Generation of a bireporter rSARS-CoV-2 expressing mCherry and Nluc (rSARS-CoV-2/mCherry-Nluc). A) Schematic representation of the rSARS-CoV-2/mCherry-Nluc viral genome: SARS-CoV-2 structural, nonstructural, and accessory open reading frame proteins (ORF) are indicated in white boxes. mCherry (red), Nluc (blue) and the autoproteolytic sequence of PTV-1 2A (black) were inserted in front of the viral N protein. B) mCherry expression and immunofluorescence assays: Vero E6 cells (1.2 x 106 cells/well, 6-well format, triplicate) were mock infected or infected (MOI 0.01) with rSARS-CoV-2 WT , rSARS-CoV-2/ mCherry, rSARS-CoV-2/Nluc or rSARS-CoV-2/mCherry-Nluc. Cells were fixed in 10% neutral buffered formalin 24 hpi before direct visualization of mCherry expression under a fluorescence microscope or viral N-protein using a specific 1C7C7 MAb. Cell nuclei were loaded with DAPI. Representative images are shown. Scale bar = 100 µm. Magnification = X20. C) Western blots: Vero E6 cells (1.2 x 106 cells/well, 6-well format, triplicate) were mock infected or infected (MOI 0.01). -CoV-2/Nluc or rSARS-CoV-2/mCherry-Nluc. At 24 hpi, cells were collected and protein expression in cell lysates assessed by Western blot using specific antibodies against the SARS-CoV-2 N protein or the mCherry and Nluc reporter proteins. Tubulin was included as a loading control. The molecular mass of proteins is given in kilodaltons (kDa) on the left. D) Deep sequence analysis of reporter-expressing rSARS-CoV-2: The non-reference cell frequencies of rSARS-CoV-2/mCherry (top), rSARS-CoV-2/Nluc (middle), and rSARS-CoV-2/mCherry-Nluc ( below) was calculated by comparing the short reads to the respective SARS-CoV-2 WA-1 reference virus genome (MN985325.1). Non-reference alleles present in less than 10% of the reads are not shown (dashed line) and the frequency of non-reference alleles greater than 10% is shown.

Results

Study results showed that rSARS-CoV-2/mCherry-Nluc had identical viral fitness in cultured cells as rSARS-CoV-2 expressing single reporter luciferase (rSARS-CoV-2/Nluc) and fluorescence (rSARS-CoV- 2/mCherry) ) genes or wild-type (WT) rSARS-CoV-2, which was an rSARS-CoV-2 without reporter genes. rSARS-CoV-2/mCherry-Nluc also showed similar expression levels for the two reporter genes.

Similarly, the new rSARS-CoV-2/mCherry-Nluc plaque phenotype was similar in size to the plaque phenotypes of rSARS-CoV-2/Nluc, rSARS-CoV-2/mCherry, or rSARS-CoV-2/ WT comparable. However, only rSARS-CoV-2/mCherry-Nluc showed measurable expression levels of both reporter genes. The hypothesis that reporter genes are a reliable surrogate for studying viral infection was further supported by the finding that Nluc or mCherry reporter expression levels were consistent with the level of viral replication.
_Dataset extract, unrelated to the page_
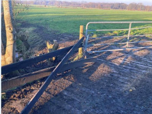
afrastering kapot door aanval.JPG

The authors discovered that the half-maximal effective concentration (EC50) of antiviral agents and the 50% neutralizing titer (NT50) of NAbs obtained in bireporter-based microneutralization experiments with either fluorescence or luciferase signal were identical to those obtained with rSARS -CoV-2 /WT, rSARS-CoV-2/Nluc, or rSARS-CoV-2/mCherry reporter genes and those documented in previous literature.
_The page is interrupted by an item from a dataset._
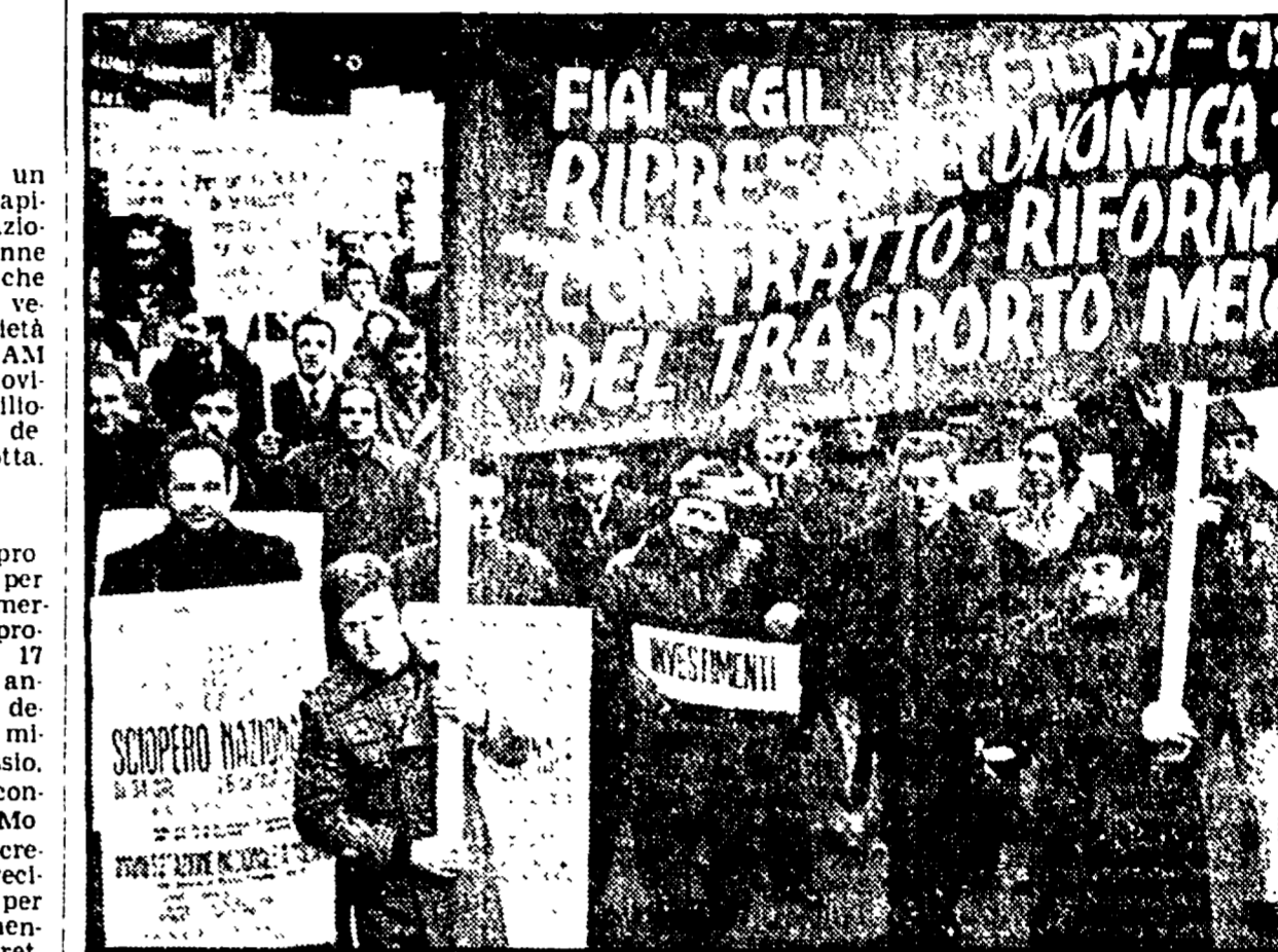
SCIOPERO NELL'AUTOTRASPORTO. Diverse migliaia di lavoratori hanno dato vita ieri per la prima volta ad una manifestazione di massa...

in vivo, rSARS-CoV-2/mCherry-Nluc, shows similar pathogenicity in K18-hACE2 transgenic mice compared to rSARS-CoV-2 with single reporter genes or WT rSARS-CoV-2. Identical findings have been reported in the Syrian golden hamster model of transmission and infection of SARS-CoV-2. In addition, rSARS-CoV-2/mCherry-Nluc in golden hamsters allows for the assessment of COVID-19 and SARS-CoV-2 transmission in vivo imaging systems (IVIS).

Taken together, the current study shows that SARS-CoV-2 could be analyzed in vivo and in vitro using the currently established new bireporter-expressing rSARS-CoV-2, i.e. rSARS-CoV-2/mCherry-Nluc.

Conclusions

Overall, in the present study, the team created an rSARS-CoV-2 expressing the luciferase (Nluc) and fluorescence (mCherry) genes, namely rSARS-CoV-2/mCherry-Nluc. They showed that rSARS-CoV-2/mCherry-Nluc could be used to research SARS-CoV-2 biology in vivo and or in vitroB. Characterization and identification of NAbs and/or antivirals. The scientists map SARS-CoV-2 infection and transmission via IVIS using rodent models.

rSARS-CoV-2/mCherry-Nluc was suitable for various experimental applications not currently available by using rSARS-CoV-2 expressing a single luciferase or fluorescent reporter gene. According to the investigators, this SARS-CoV-2/mCherry-Nluc virus was the first replication-competent rSARS-CoV-2 to consistently express two reporter genes.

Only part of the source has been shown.